Much of the literature in this area centres on the administration of contrast agents during angiography and not, for example, on perioperative abdominal computed tomography. We recommend that clinicians follow their institution’s protocol or in the absence of such a protocol ensure adequate intravascular volume using 0.9% sodium chloride solution.

Intraoperative management and haemodynamic optimisation

Renal protection during surgery relies primarily on maintaining adequate renal perfusion, which in turn relies on appropriate intravascular volume replacement and mean arterial pressure. The aim is to maintain a systemic arterial perfusion pressure that is appropriate for the patient (taking into account preoperative blood pressure and surgical requirements for relative hypotension). Aggressive fluid replacement alone may not overcome the hypotensive effects of anaesthesia in some patients and may in turn lead to postoperative complications. The management of blood pressure during anaesthesia is outside the scope of this article and will not be discussed here.

Unfortunately no intraoperative “magic bullets” exist that will consistently reduce the risk or severity of renal impairment. In particular, “renal dose” dopamine is of no benefit,26 and mannitol, although aiding diuresis and reducing compartment pressures in cases of rhabdomyolysis, is generally ineffective in a non-cardiac surgery setting.^w10 Early indications are that newer agents such as fenoldopam (a selective dopamine agonist) and atrial natriuretic peptide may help to prevent AKI in selected patient groups (such as those having cardiac surgery).27 28

Optimising intravascular volume and cardiac output may have a positive effect on perioperative renal function according to a recent meta-analysis in this area that identified 20 randomised controlled trials (most of which used pulmonary artery catheters) with sufficient data to determine renal outcomes.29 This analysis found that in high risk patients (those having emergency surgery; those with a higher revised cardiac risk index or a higher risk according to criteria of the American Society of Anesthesiologists; and those aged >60 years) optimisation of cardiac output or oxygen delivery resulted in a decreased risk of perioperative AKI both in the subgroup in which this was started preoperatively (odds ratio 0.70, 95% confidence interval 0.53 to 0.94; P=0.02) and in the combined subgroup in which it was started either intraoperatively or in the early postoperative phase (0.47, 0.27 to 0.81; P=0.006). Both normal and supranormal target achievement were effective in reducing AKI. No comment could be made on the impact on mortality because of heterogeneity.

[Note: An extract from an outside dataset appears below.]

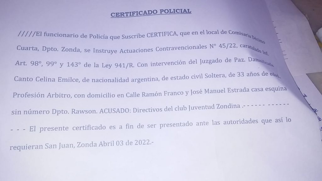 Por este episodio Sanjuandeportes.com charló con Celina Cantó que fue la jueza principal del encuentro y nos contó en carne propia lo que vivió y luego terminó con denuncia policial incluida.

Careful clinical examination

Conduct a careful clinical examination to search for the cause (consider prerenal, renal, and postrenal causes) and look specifically for renal obstruction by organising ultrasonography of renal tracts within 24 hours of identification of AKI.

Volume status

Assess the patient’s volume status—that is, have they had adequate preoperative and intraoperative fluid or are they overloaded?

Complications

Look for complications of AKI, which may be acid-base disturbances; electrolyte abnormalities, such as hyperkalaemia; uraemia; or volume overload. In volume replete oliguric patients consider reducing fluid intake to keep up with output, but remember an allowance for insensible losses. In patients with fluid overload, loop diuretics may have a limited role, but a decision to start diuretics should ideally be made after consultation with a nephrologist. Although loop diuretics may be helpful in responsive patients in preventing fluid overload, they will not prevent AKI and may cause tinnitus, and their use in high doses is associated with increased risk of death or non-recovery of renal function (this association may be related to increased severity of renal impairment and so resistance to the effects of the drugs).^w10

Minimise ongoing renal damage

Start taking therapeutic measures to minimise ongoing renal damage and promote recovery.